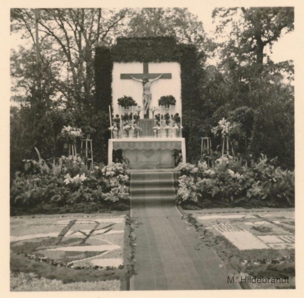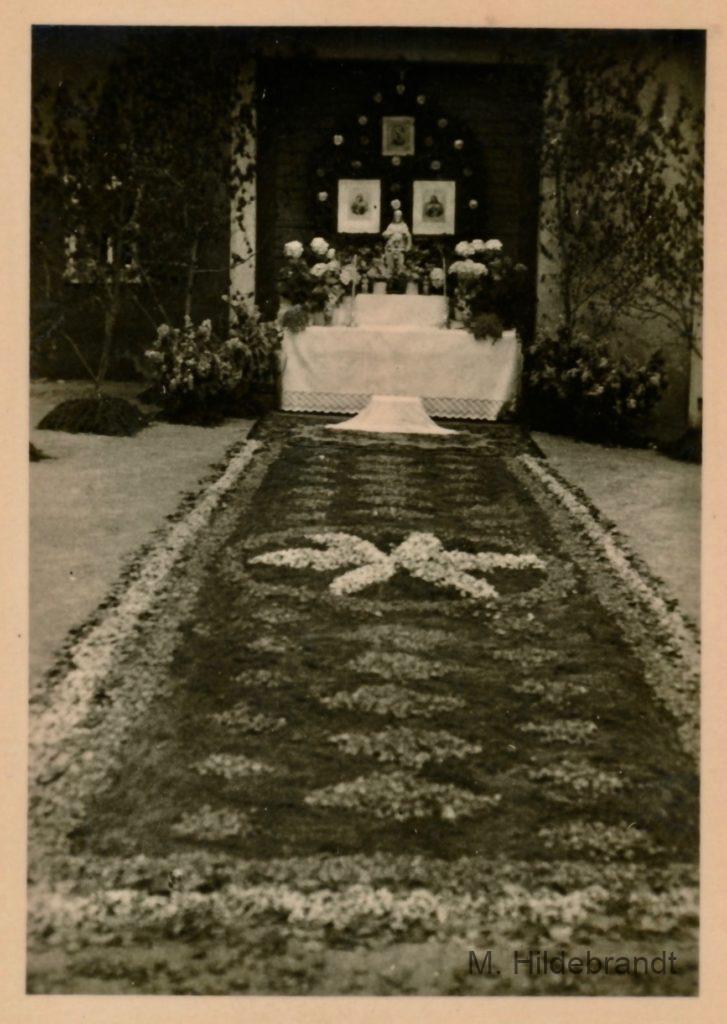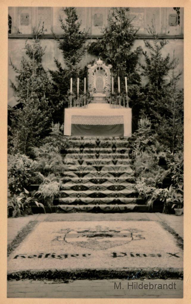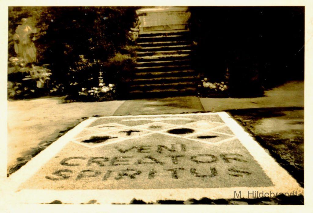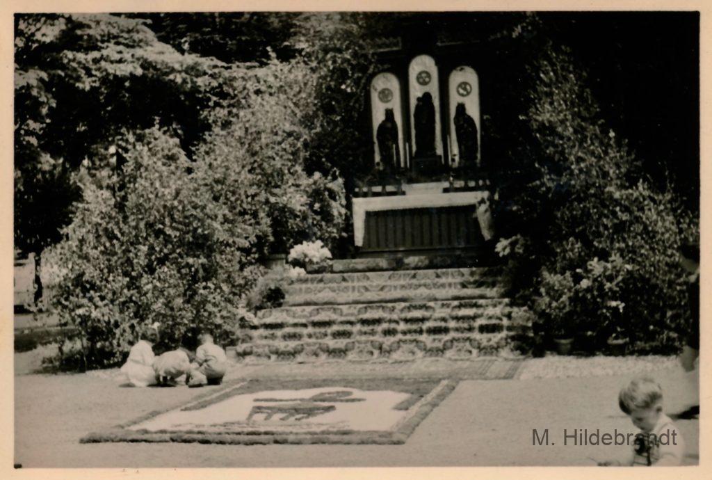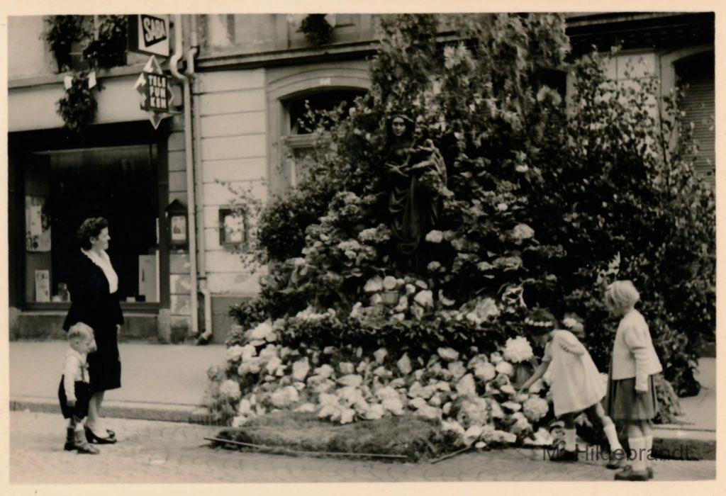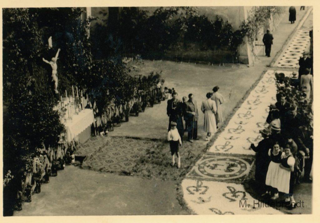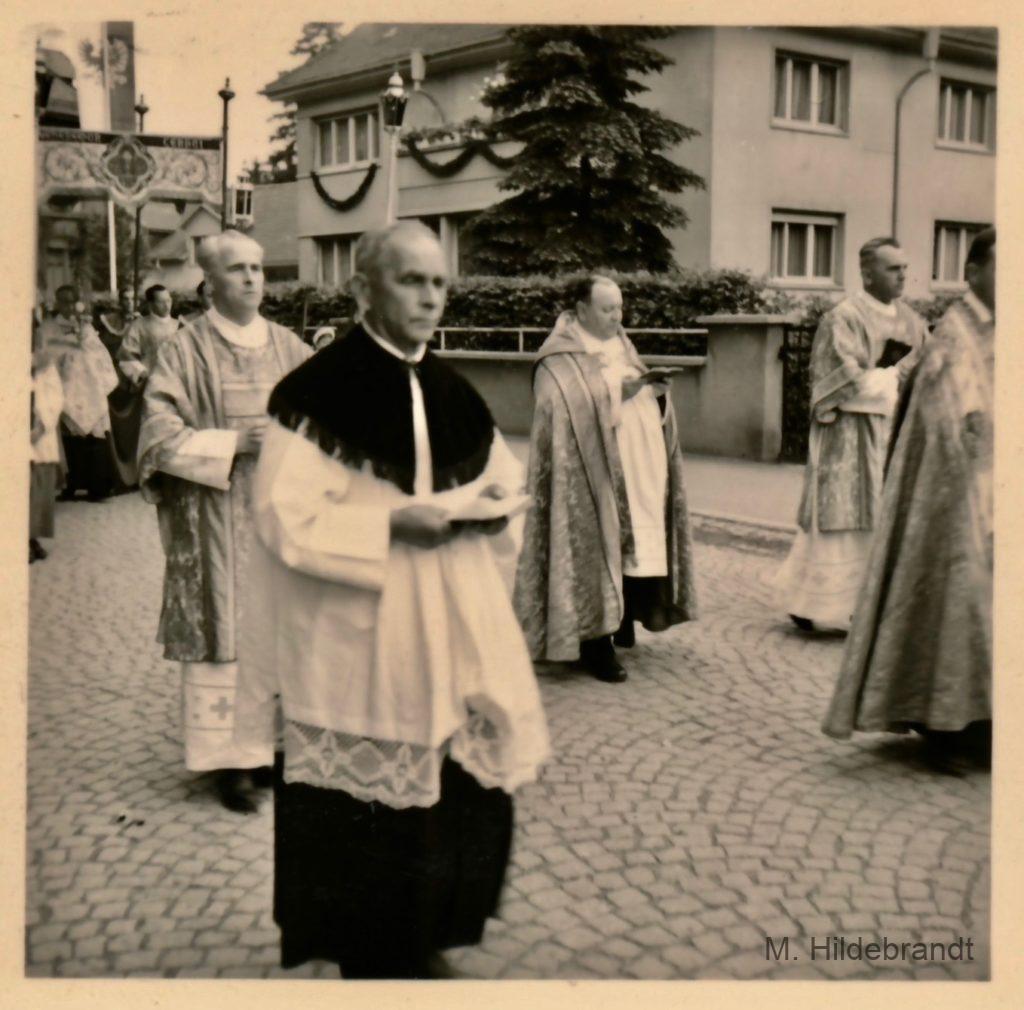 Villingen: Privat-Fotos vom Fronleichnam-Fest in der Innenstadt. Auch die Brandschutz-Heilige Agatha vom Niederen Tor (Abriss 1847) wurde aus dem Bauschutt gerettet, restauriert und ausgestellt. Durch Verwandtschaft gelangte die Figur in die Kalkhofen-Straße. Dort von einem Sammler entdeckt und Übergabe ins Franziskaner-Museum eingeleitet.
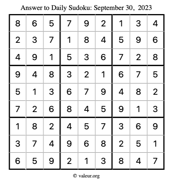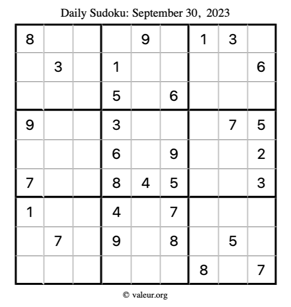 Here is the September 30, 2023 sudoku puzzle. You are welcome to print a copy to solve by hand. For your convenience, we have also included the solution further down the page so you can check your work.
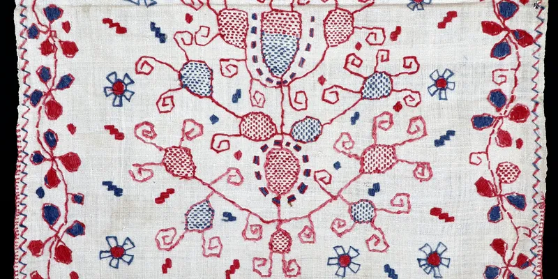 Rushnyk sewn from two parts of homespun bleached linen canvas, embroidered with red and blue threads. The ornament is stylized floral-geometric and geometric. The ends are decorated with a large branch ('tree' motif) with a thin stem and curls. Above the tree is a horizontal zigzag band. Around the perimeter is a wavy branch with leaves and, in places, berries and a zigzag line. Scattered across the field are five-petal flowers and figures composed of diamonds and rectangles. The edges are hemmed with 'obmetytsia' and were decorated with a calico frill.
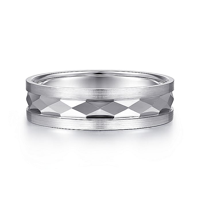 HOME / Gabriel & Co. MBM0158-60W4JJJ 14K White Gold 6mm - Center Diamond Cut Men's Wedding Band
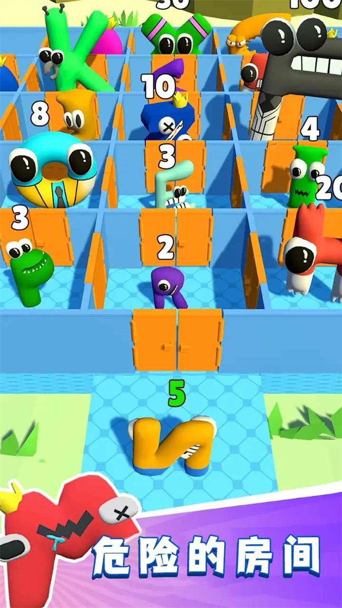 字母表房间迷宫游戏是一个迷宫闯关游戏,超多地图,控制角色在房间移动,注意躲避等级比你高的字母怪物,仔细观察,找到正确的路线走出迷宫,非常考验玩家的观察力和耐心,喜欢的小伙伴赶紧来玩吧。
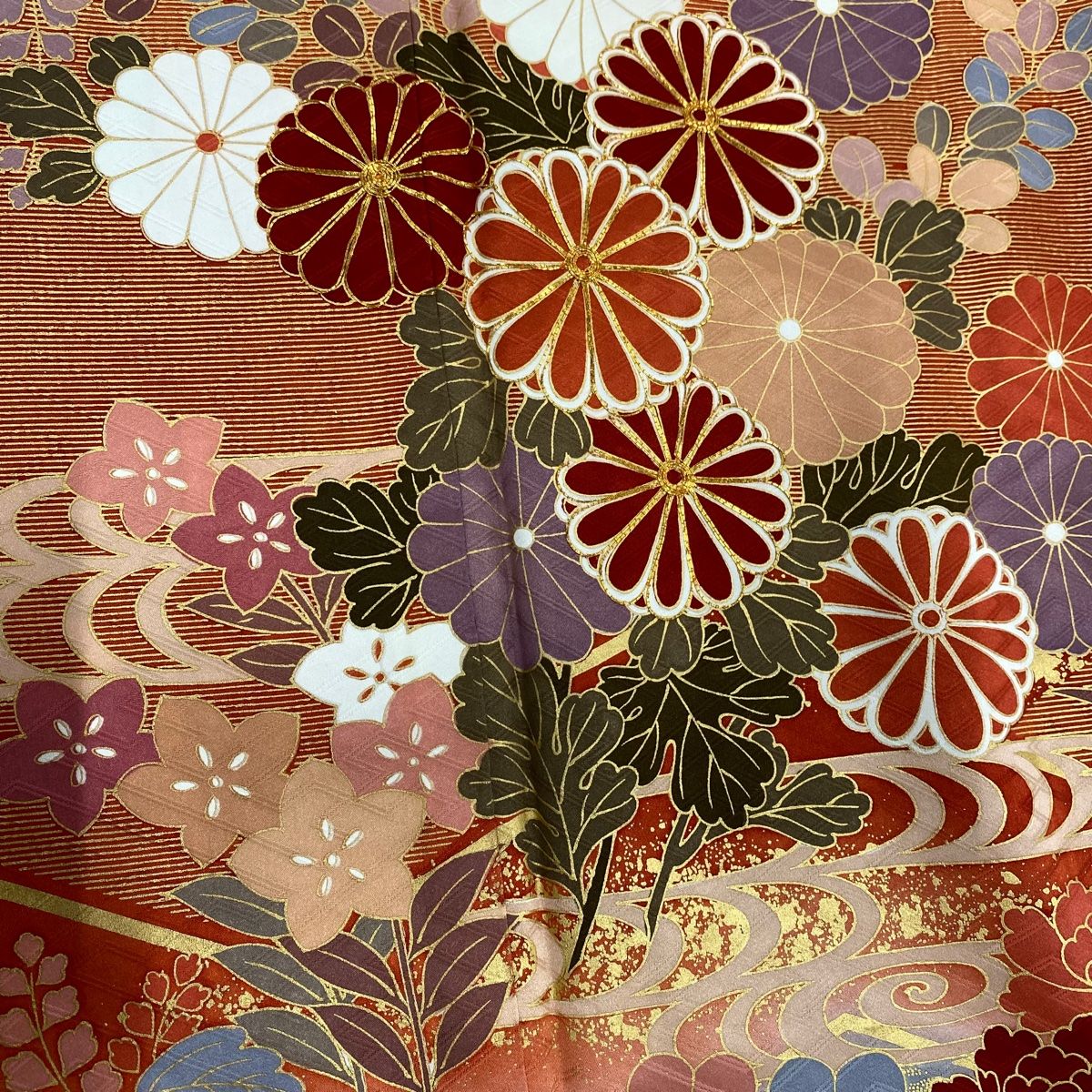 振袖 身丈160 cm 裄丈63 S 袷 菊 流水 金糸 金彩 茜色 正絹 秀品
+---+
[Brief]: Starting with the line that has "Rushnyk sewn from" and going on through the line that has "HOME / Gabriel", transcribe the records above exactly, but skip the pictures.

[Exercise result]:
 Rushnyk sewn from two parts of homespun bleached linen canvas, embroidered with red and blue threads. The ornament is stylized floral-geometric and geometric. The ends are decorated with a large branch ('tree' motif) with a thin stem and curls. Above the tree is a horizontal zigzag band. Around the perimeter is a wavy branch with leaves and, in places, berries and a zigzag line. Scattered across the field are five-petal flowers and figures composed of diamonds and rectangles. The edges are hemmed with 'obmetytsia' and were decorated with a calico frill.
 HOME / Gabriel & Co. MBM0158-60W4JJJ 14K White Gold 6mm - Center Diamond Cut Men's Wedding Band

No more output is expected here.